Он встает в позу декламатора:
— Грязная сплетня о великом, гениальном писателе Чарльзе Тикстоне пойдет из уст в уста, от поколения к поколению, годы, — быть может, столетия, пока не станет красивой легендой…
— Это — стихи? — спрашивает Мод.
Вдохновенные перья нью-йоркских репортеров пытались описать весь блеск и всю головокружительную роскошь вечера в доме сахарного короля, но и им это удалось вполовину. Неудивительно, что скромный писатель Чарльз Тикстон в первые минуты был подавлен, потрясен, ослеплен… И таки не разглядел, — действительно ли стены и стулья мистера Гудля были из чистого золота.
— Писатели на концертной эстраде почти всегда напоминают селедку в компоте, — тонко заметила мистрис Гудль, обсуждая программу вечера. И потому, уступая ее желанию, решено было чтение рассказа устроить не в концертной зале, а рядом, в смежной с ней огромной библиотеке мистера Гудля.
Когда Чарльз Тикстон сел за маленький столик, положив перед собой тетрадку с рассказом, он не видел ничего, кроме стоявшего рядом громадного черного шкафа, и не слышал ничего, кроме частых, крепких толчков своего сердца.
— Он ничего, но… Никакого колорита! — тихонько шепнула своей соседке хорошенькая блондинка мисс Хопленд, и сентенциозно добавила: — Поэты не должны ничего знать о парикмахерах.
Чарльз раскрыл тетрадку и — в высокую, немного мрачную, библиотеку мистера Гудля тихонько вошла печальная девушка, потерявшая сердце.

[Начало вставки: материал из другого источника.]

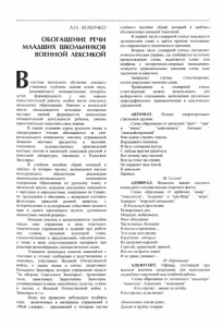 А.Н. КОХИЧКО ОБОГАЩЕНИЕ РЕЧИ МЛАДШИХ ШКОЛЬНИКОВ ВОЕННОЙ ЛЕКСИКОЙ Р ' П системе школьного обучения, дающего W L 0 учащимся глубокие знания основ наук, развивающего познавательные интересы детей, формирующего у них навыки самостоятельной работы, особое место отводится начальному образованию. Именно в начальной школе закладываются исходные положения научных знаний, формируется инициатива познавательной деятельности ребенка, умение самостоятельно пополнять свои знания. В наших условиях курсы русского языка и литературного чтения обогащаются за счет регионального компонента: лексики, отражающей названия местных предметов и явлений, топонимов, художественных произведений местных поэтов и писателей, классиков русской и советской литературы, писавших о Кольском Заполярье. В учебном пособии «Край, который я люблю» (в четырех частях), являющемся частью методического обеспечения реализации национально-регионального компонента содержания образования по русскому языку в начальной школе, младшие школьники знакомятся с народами и народностями, живущими на Севере, их традициями и обычаями, с жанровым составом фольклора; красотой родной природы; с историческими и культурными событиями родного края и своего населенного пункта; духовными ценностями «малой родины». Военная лексика в вышеназванном пособии нашла свое отражение в виде отдельных тематических упражнений и заданий при работе над словом, звуковой культурой слова, словосочетанием и предложением, связной речью, а также в виде сопутствующего материала при решении разнообразных лингвистических задач. Учащиеся начальных классов знакомятся с текстами и готовят сообщения о родственниках и знакомых, участниках Великой Отечественной войны, о сынах полка и юнгах, защитниках Кольского Заполярья, истории учреждения медали "За оборону Советского Заполярья", тружениках тыла, памятниках Защитникам Заполярья, установленных в своих населённых пунктах, стихах и песнях о Великой Отечественной войне в Заполярье и т.п. Ниже мы приводим небольшую подборку слов, включенных в материалы упражнений и «Мой словарь» - приложений к четырем частям учебного пособия «Край, который я люблю», объединенных военной тематикой. В первой части словарной статьи называется заголовочное слово и даётся краткое толкование его современного лексического значения. Вторую часть словарной статьи составляет этимологическая справка, где сообщается источник происхождения слова, выделяется слово или морфема с исторически-опорным написанием, толкуется первоначальное значение слова (оно заключено в кавычки). Завершает статью стихотворение, иллюстрирующее значение слова. Приводимое в словарной статье стихотворение можно использовать для выборочного списывания, выполнения различных орфографических, грамматических и лексических упражнений. АВТОМАТ. Ручное скорострельное стрелковое оружие. Слово образовано от греческих "авто" - "сам" и "матос" - "действовать". Автомат "самодействующий". Нам нужно строить города, Выращивать пшеницу И быть готовыми всегда С любым врагом сразиться. Вот почему наш часовой Всегда стоит на страже. Он охраняет наш покой, И автомат Заряжен. /В. Суслов/ АДМИРАЛ. Воинское звание высшего командного состава военно-морского флота. Слово образовано от арабских "амир" - "повелитель", "владыка" 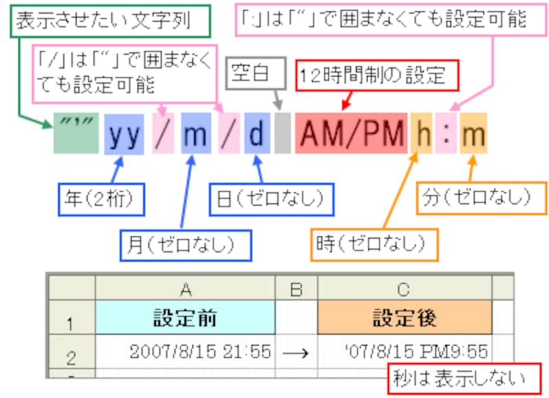 もちろん、日付と併せて設定できます。例えば、「2007/8/15 21:55:00」を「'07/8/15 PM9:55」と表示したい場合は、次のように記述します。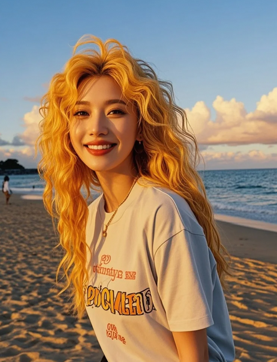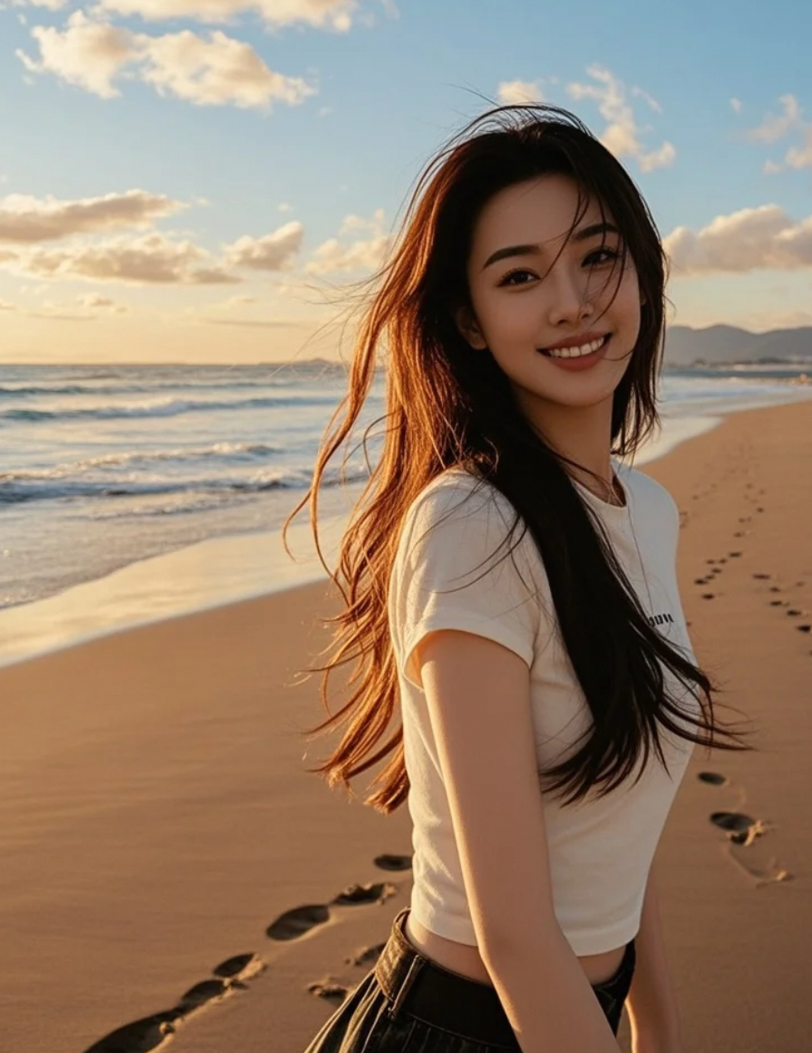 浪花在脚边碎成珍珠,她的发梢沾着细碎的金色阳光

Она принесла с собой чуткое безмолвие вечерних полей и скромный пучок ландышей, только что сорванных в темном, бескрайнем лесу. В этом лесу она недавно потеряла сердце. Девушка потеряла маленького красного зверька, неугомонно стучавшего в ее груди, и, с той минуты, она стала бледной, как ландыши, и холодной, как вода в лесном ручье. Упавшая из гнезда, крохотная, беспомощная пичуга уже не увидит над собой синие глаза девушки, омытые слезами, и лесная фиалка не встретит ее ласковой улыбки… Тянется, вьется тропинка жизни и молча бредет по ней печальная девушка, равнодушно встречая вечерние зори, холодно их провожая.